Не размышляя, я просто двинулась дальше по знакомым местам. На пути остановилась у книжного и купила две книжки про Англию. Исторический роман об императоре Адриане, о котором я также справилась, продавцу известен не был.

Одно только место во всем городе имело для меня «смысл» – иначе не скажешь, ведь все мною увиденное, улицы, киоски, перетекающие один в другой потоки людей, казались лишенными смысла настолько, что зря я искала в себе хотя бы зыбкого чувства принадлежности ко всему этому, и мне казалось, будто без посредничества Франца я не имею отношения ни к кому и ни к чему. Только на свое место у ног брахиозавра я возлагала надежду, ведь оно для меня было гарантией непреходящего, неподвластного абсурду человеческих, в том числе и моих, деяний.

Музей оказался почти пуст. Я отправила старушку, сторожившую зал, пить кофе и уселась на ее стул, узаконив перед лицом немногочисленных посетителей свою стоическую, а на всяком другом месте способную показаться смешной погруженность в себя. Я ждала. Он улыбался, глуповато или победоносно, как всегда.

Долго я ждала, но желанное утешение не приходило. «Какое красивое животное», – сказал тогда Франц. В странную эпоху брахиозавр годился как символ иного смысла, признанного мною высшим, – ведь мысль о том, что все в мире преходяще, раз уж и он оказался преходящим, была столь же банальна, сколь и спасительна. Но разве мог он спасти от того, что имеет одно с ним происхождение? Лишь позже я поняла, что неукротимость моего чувства к Францу определялась динозаврской сущностью этого чувства, иными словами: я осознала, что любила-то именно динозаврская моя сущность, нечто праисторическое, атавистически-могучее, пренебрегающее нормами цивилизации, а все иное, требующее словесного выражения, не имеет значения перед лицом моей любви к Францу.

В ту субботу, напрасно ожидая покоя, за десятилетия обретенного мною во время ритуальных встреч с брахиозавром, я спрашивала себя только об одном: отчего теперь, когда никто не мешает мне полететь в Саут-Хадли, штат Массачусетс, или еще куда-нибудь, я опять (или все еще?) сижу на том же месте под стеклянным куполом нашего музея, будто завоеванная свобода только для того и годится, чтобы обменять ее на новый, на сей раз добровольно избранный плен. Позже я изменила мнение по данному вопросу. Я сделала свой выбор и среди всех возможностей решилась на одну – любить Франца. Знала, что могу уехать и осмотреть, наконец, странные следы птичьих лапок в саду Плиния Моуди. Но как я раньше непрестанно воображала себя в этом саду, хотя ни я, ни кто-либо другой из моего поколения и думать не мог, что доживет до конца странной эпохи, – так теперь собиралась в эту поездку с Францем и только с Францем. Стоит поразмыслить и о том, что в миг исполнения величайшей моей мечты таковая стала для величайшей мечты слишком мелкой. Но кто решится упрекнуть заключенного, в стенах тюрьмы мечтавшего только о свободе, в том, что он, свободу наконец-то обретя, считает ее всего лишь необходимым условием для счастья?
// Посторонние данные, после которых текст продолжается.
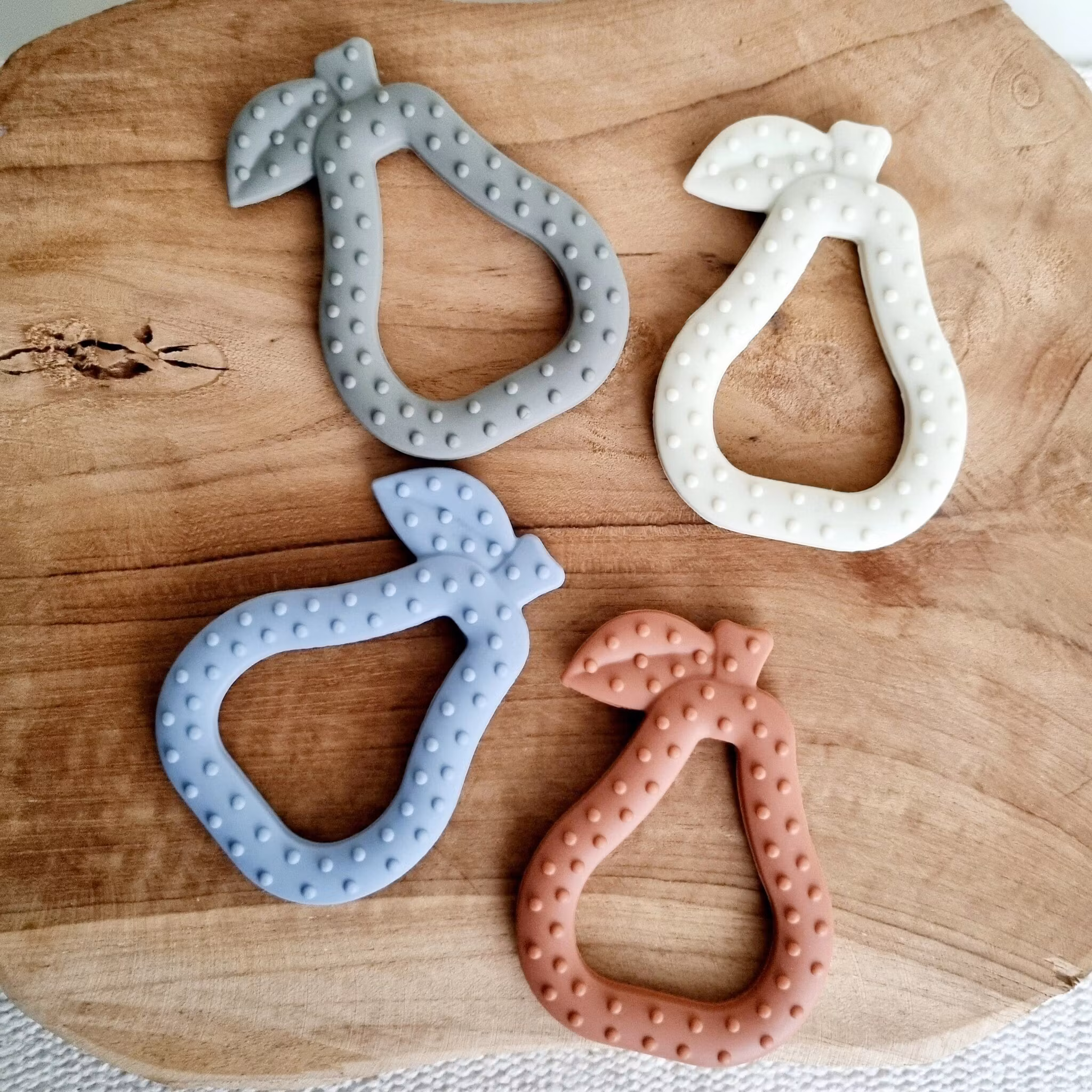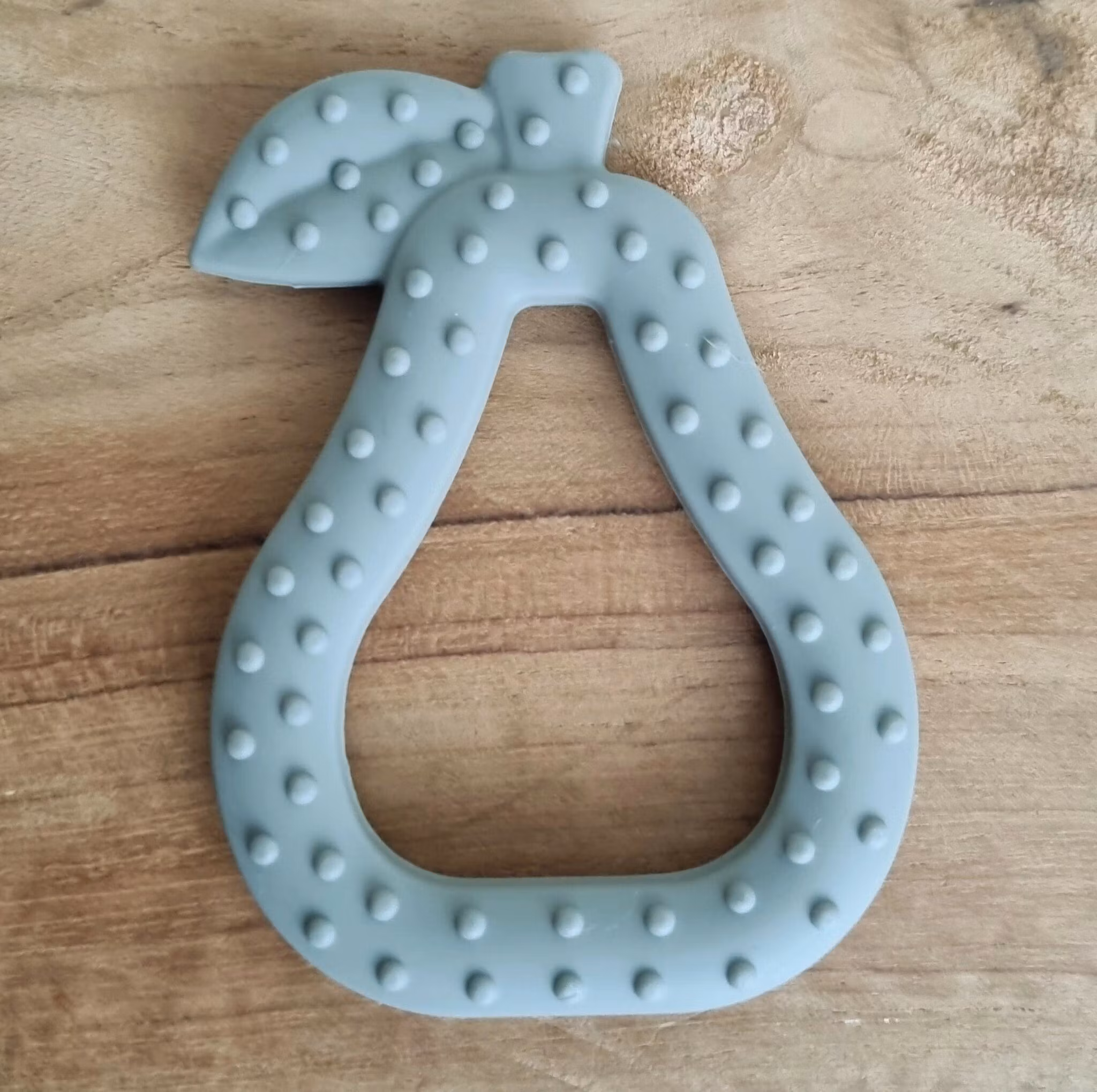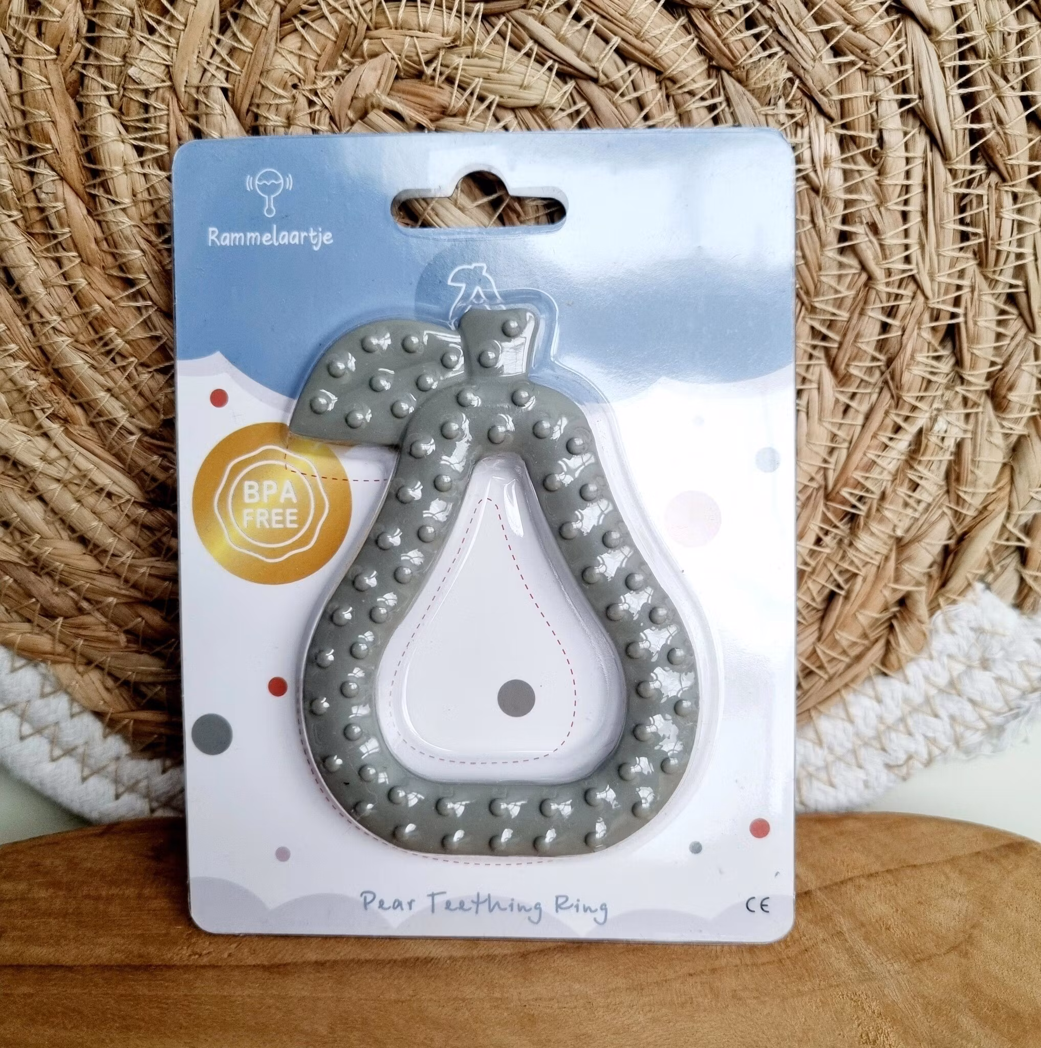 Bitring i 100% babysäker silikon, formad som ett päron. Lindrar effektivt smärta vid tandsprickning. Flexibel & lätt att greppa.

Пока я сидела возле брахиозавра на стульчике дежурной по залу, сознавая комичность своего положения и не в силах образумиться, в памяти всплыли забытые стихи, сначала так: «Завоевать тебя иль умереть», и я повторяла эти четыре слова снова и снова, пыталась дыханием воспроизвести ритм недостающей строчки, пока не высветилась и она:

 
Одно из двух теперь мне остается:
Завоевать тебя иль умереть.
 

Эти слова принадлежат Пенфесилее. Я их запомнила лет в двадцать-двадцать пять. И никогда не обращалась с ними к мужчине. А потом про них забыла.

– Вот я и пришла, – шепотом произнесла старушка, дежурная по залу. С пожеланием всего доброго я уступила ей место.

– Иль умереть, – твердила я, – но только не смириться, нет, смириться невозможно.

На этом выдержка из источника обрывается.